Ryoan-ji Temple in Kyoto

The rock garden at Ryoan-ji Temple is arguably the most famous Zen garden in the world. An 82 ft (25 m) by 33 ft (10 m) rectangular walled enclosure in front of the Abbot’s Hall, Ryoan-ji’s garden contains fifteen stones set in silvery-white Shirakawa gravel, kept carefully raked by acolyte monks. The richly patterned earthen wall, made of clay boiled in oil and topped with cypress bark and ceramic tile, serves to pictorially frame the abstract arrangement of garden elements. The immutably simple garden, a Zen enigma, is viewed from an unpainted, unadorned wooden veranda. Frequently returning to Ryoan-ji during his lifetime, essayist Donald Richie admired the garden’s humble nature and continuity, “Hidden away in a corner of a temple off in the suburbs of a city, it has the value of a whisper in a world of shouts.” Now a World Heritage Site, Ryoan-ji began as a Zen training temple in 1450, located on a country estate in the foothills of Kyoto’s northern Kitayama Mountains. The temple grounds also include spacious strolling gardens conducive to quiet ruminations around Kyoyochi Pond, where a simple arched stone bridge leads to a small shrine on Bentenjima Islet. The spring-fed pond, centuries older than the renowned Zen rock garden, reflects the changing seasons of the wooded shore and surrounding hills on its placid surface, the ephemeral compositions dissolving and reforming with the slightest breeze.

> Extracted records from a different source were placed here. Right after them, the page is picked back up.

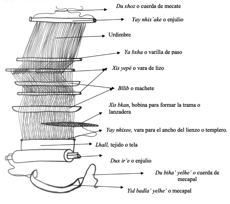 La investigación en la que se basa el presente ensayo, al igual que el trabajo de Lache, se planteó desde el zapoteco de Yalálag y se llevó a cabo principalmente a través de conversaciones con mujeres ancianas de la comunidad que tejen y usan estas prendas. 11 Por mi parte, el trabajo con y desde el zapoteco me permitió llevar a acabo una recuperación y una re/estructuración de mi historia personal situada en este contexto. Tuhiwai explica este gesto a partir de las nociones de “re-escribir” (to re-write) y “rectificar” (to re-right) nuestra posición en la historia. 12 Esto se empata con la propuesta metodológica de Silvia Rivera Cusicanqui, quien propone accionar determinados “gestos descolonizadores”, como la reactivación de las lenguas indígenas, como una manera de subvertir la forma en que se ha producido conocimiento. Según Rivera Cusicanqui:
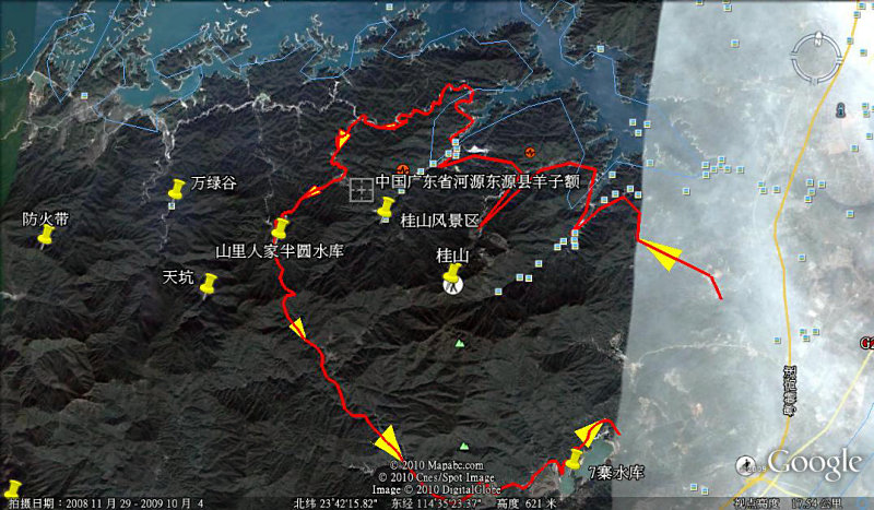 经过28号源动力三位车友在山里人家进去七寨水库出来,进去时就同保安说进去就出来到现在还没出来,我考虑我们再从山里人家进去可能是不可能的了。再对GOOG地球路线确认。临时决定路线倒过来骑,羊子额进去。
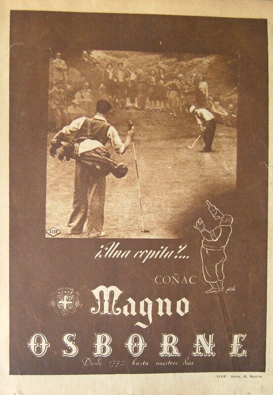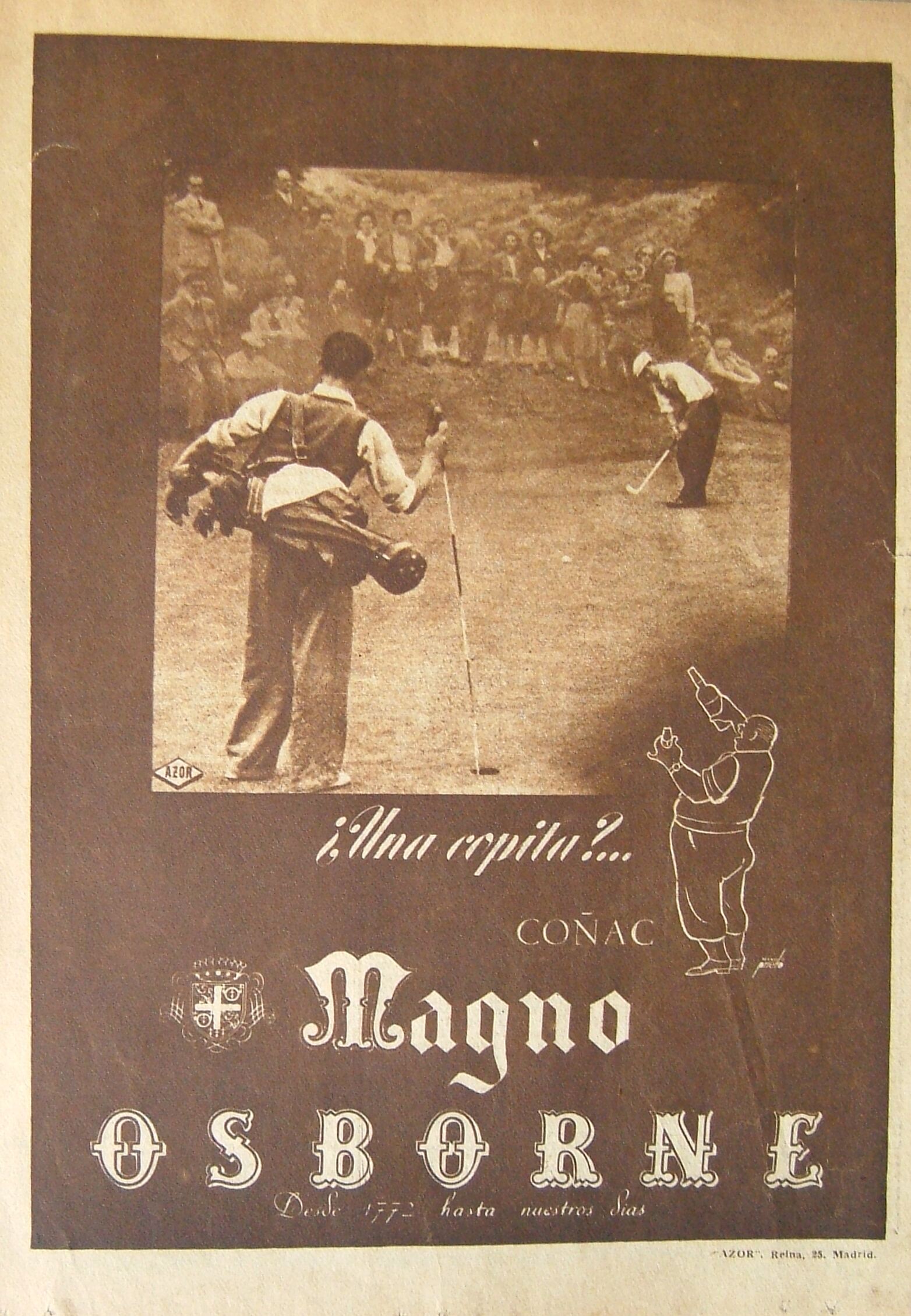 - Cartel compuesto por la imagen real de golfista con su cady jugando en el campo rodeados por un grupo de aficionados que siguen atentamente el juego, el cady con la bolsa de palos en la espalda mira atentamente a su compañero que intenta meter en el hoyo la bola a cierta distancia.

Ryoan-ji Temple in Kyoto Photo Gallery

Raking the garden without leaving a trace is a Zen koan all its own.

Savoring the garden’s morning calm.

An arched stone bridge leads to a small shrine on Bentenjima Islet in Kyoyochi Pond.

A succession of fusuma sliding partition ink paintings is the only decorative feature inside the Hojo Hall. Morning sun-light casts a monk’s shadow on the garden wall, an aesthetic boundary built of clay boiled in oil.